The U.S. Department of Agriculture continues its investigation into a case of mad cow disease at a farm near Yakima, Wash. It's the first case of the fatal disease in the United Sates. Officials believe it's an isolated case.

Beef from the plant that processed the infected animal has been recalled, with shipments traced to California, Oregon, Nevada, Washington, Hawaii, Alaska, Montana, Idaho and Guam.
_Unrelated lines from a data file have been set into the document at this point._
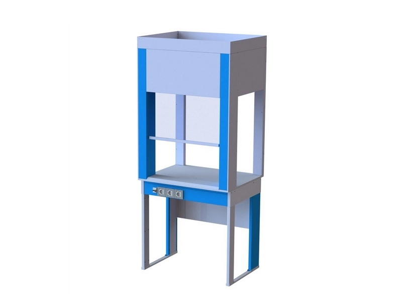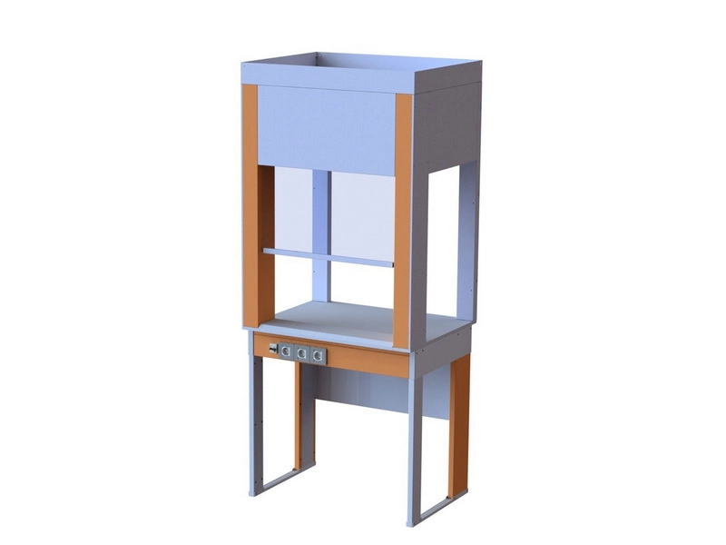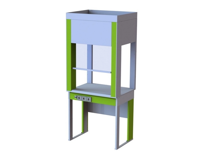 Конструкция вытяжного шкафа представляет собой сборно-разборный металлический каркас изготовленный из гнутого металлического листа, с использованием лазерной резки. Для компенсации неровностей пола вытяжной шкаф оснащен регулируемыми опорами 70 мм.
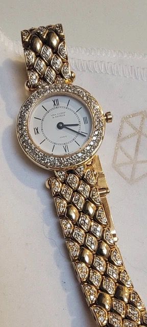 Cette montre-bracelet Van Cleef & Arpels incarne l’alliance du savoir-faire horloger et de l’excellence joaillière. Son boîtier en or jaune 18 carats de 24 mm, ceinturé d’une lunette entièrement diamantée, contraste élégamment avec son cadran noir aux chiffres romains.
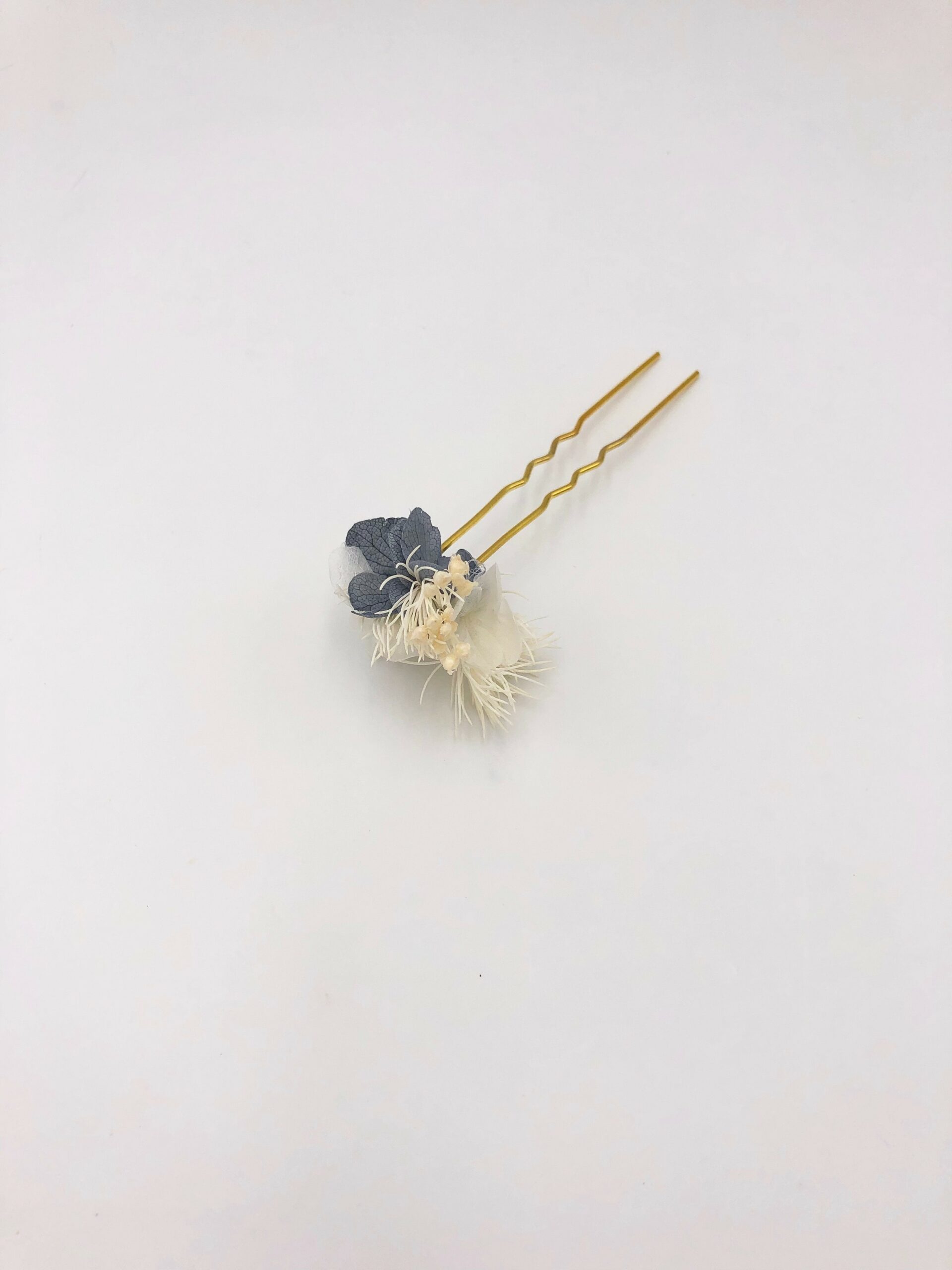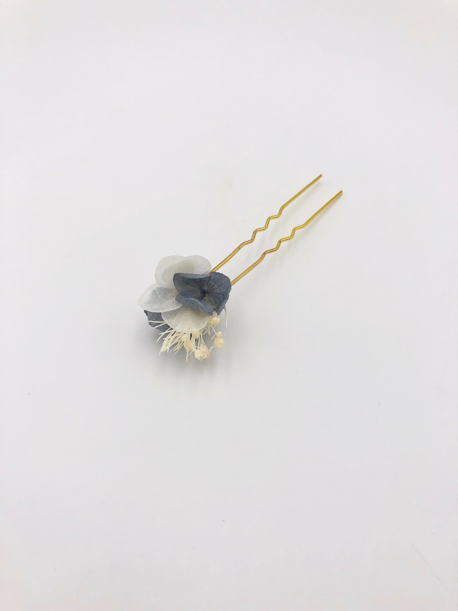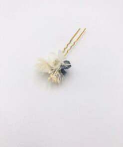 Ce pic à cheveux qui rassemble différentes fleurs stabilisées de la gamme Horizon a été conçu comme un accessoire résolument contemporain et sophistiqué, qui permet de laisser libre cours à votre imagination en matière de coiffure et de bijou de mariage en fleurs. C’est l’une des deux versions des pics à cheveux de mariage de la gamme Horizon, avec le pic à cheveux Craspedia, qui existe en bleu et en blanc.

USDA officials maintain beef products are safe, saying if consumers have already eaten recalled beef, they shouldn't worry. Only brain, spinal cord and nervous system tissue -- which is separated from beef at processing plants -- can transmit the disease to humans.

Despite USDA assurances, more than a dozen nations, including top buyers of U.S. beef -- Japan, Mexico and South Korea -- have halted imports.

The infectious agent that causes mad cow disease, also known as BSE (bovine spongiform encephalopathy), can lead to a fatal disease in people. Research suggests humans contract a form of the disease, known as variant Creutzfeldt-Jakob, by eating beef products contaminated with BSE. Cows can get the disease when they're fed ground-up carcasses of cows with BSE. The U.S. government bans feeding animal parts to animals.

Earlier this year, a single contaminated cow was found in Canada, but investigators are still unsure how that animal became infected.